**WHAT IS EXPECTED:** Exclude the pictures. Transcribe exactly, and only, the lines from the one holding "Compatible for HP" to the end of the material below.

**GIVEN MATERIAL:**
--- START ---

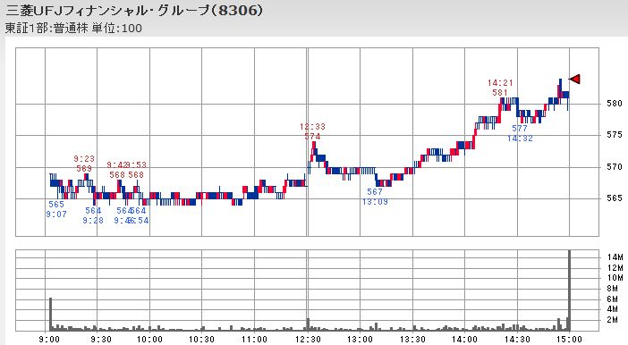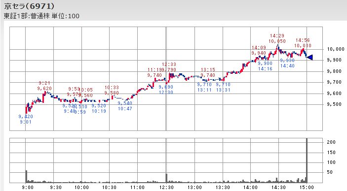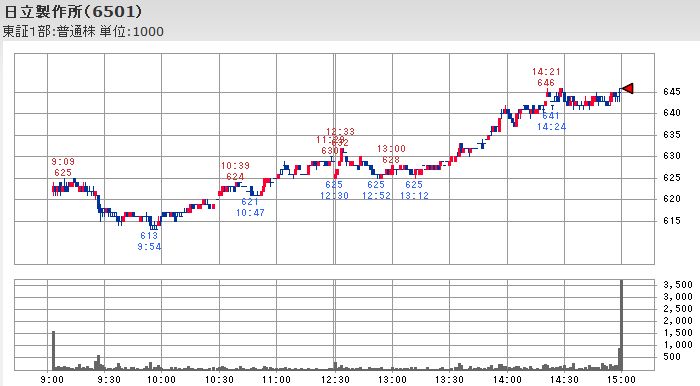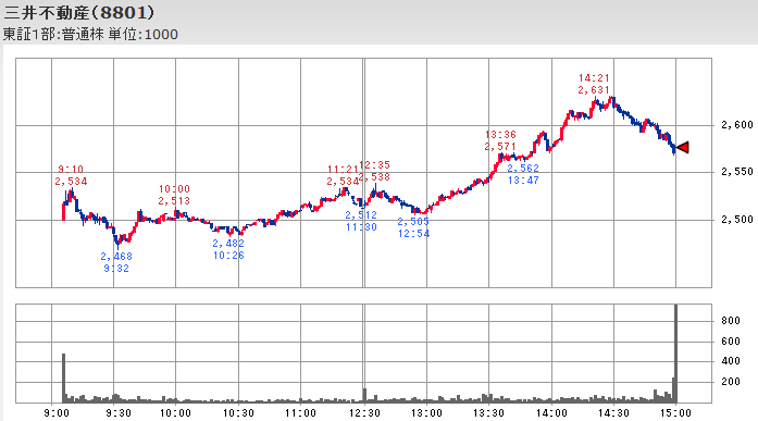 こうした日経平均が停滞していた時間中の値動きを見るとファナックが12;33に付けたその時点までの本日の最高値から200円近く下落し、自動車株を中心とする輸出銘柄も同様に値を崩して平均株価の足を引っ張っていたのですが、不動産大手の株価は12:53頃に後場の最安値を付けた後再び上昇して平均株価を下支えする形となっており、主役を交代しながら平均株価が維持されることで値戻しが幅広い銘柄に広がる傾向になっていたようです。
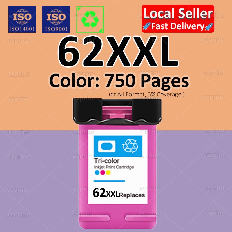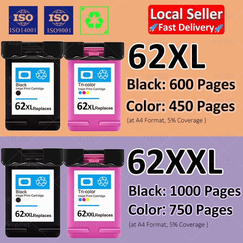 Compatible for HP 62 Ink Cartridge HP 62XL Ink HP 62XXL Ink for ENVY 7640 7643 8005 OfficeJet 200 250 5744 5746
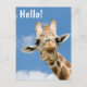 design engraçado apresenta fotografia de girafa animal com texto branco "Olá" .
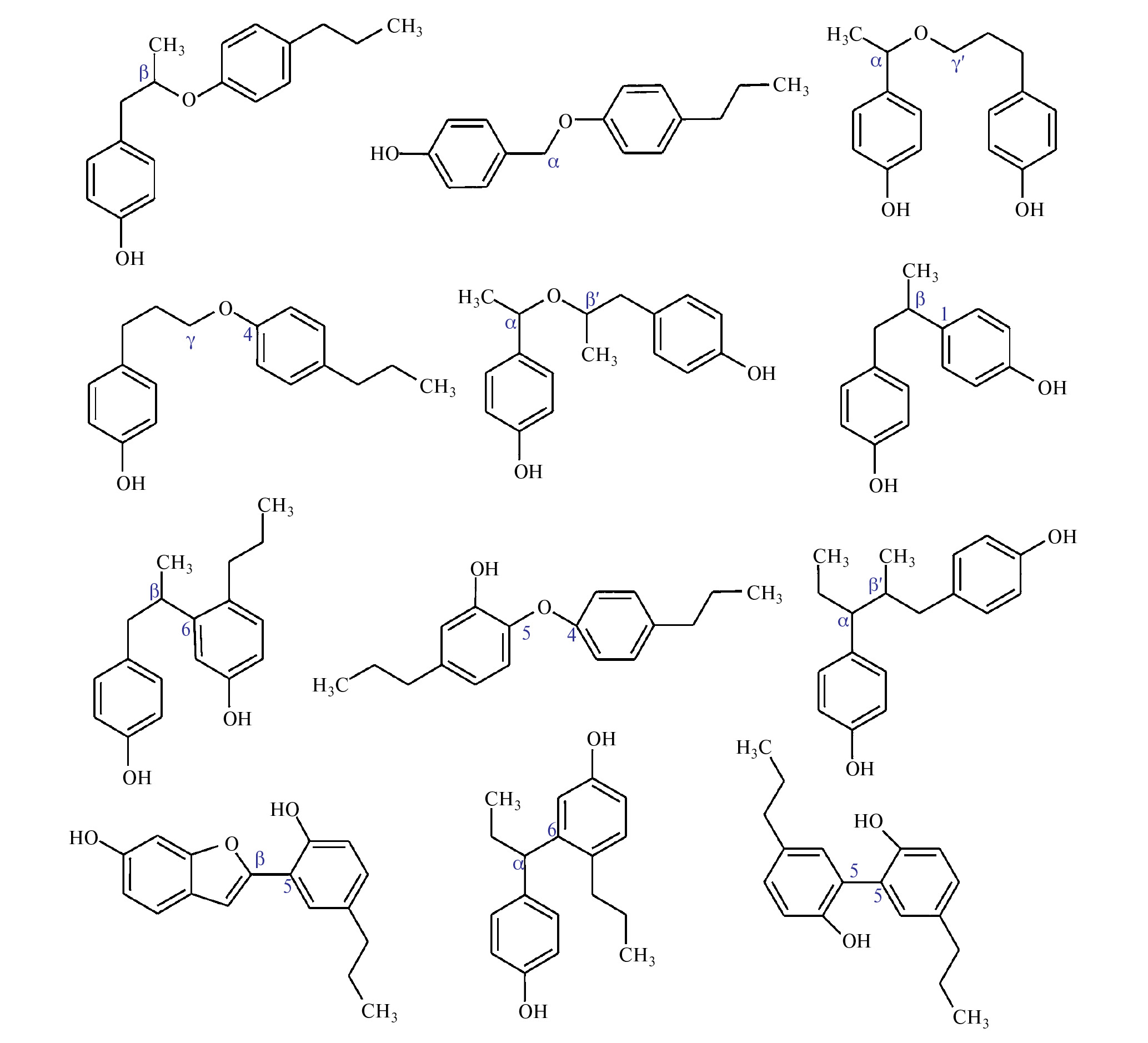 Рис. 3. Различные связи в структуре лигнина.

--- END ---

**SOLUTION:**
 Compatible for HP 62 Ink Cartridge HP 62XL Ink HP 62XXL Ink for ENVY 7640 7643 8005 OfficeJet 200 250 5744 5746
 design engraçado apresenta fotografia de girafa animal com texto branco "Olá" .
 Рис. 3. Различные связи в структуре лигнина.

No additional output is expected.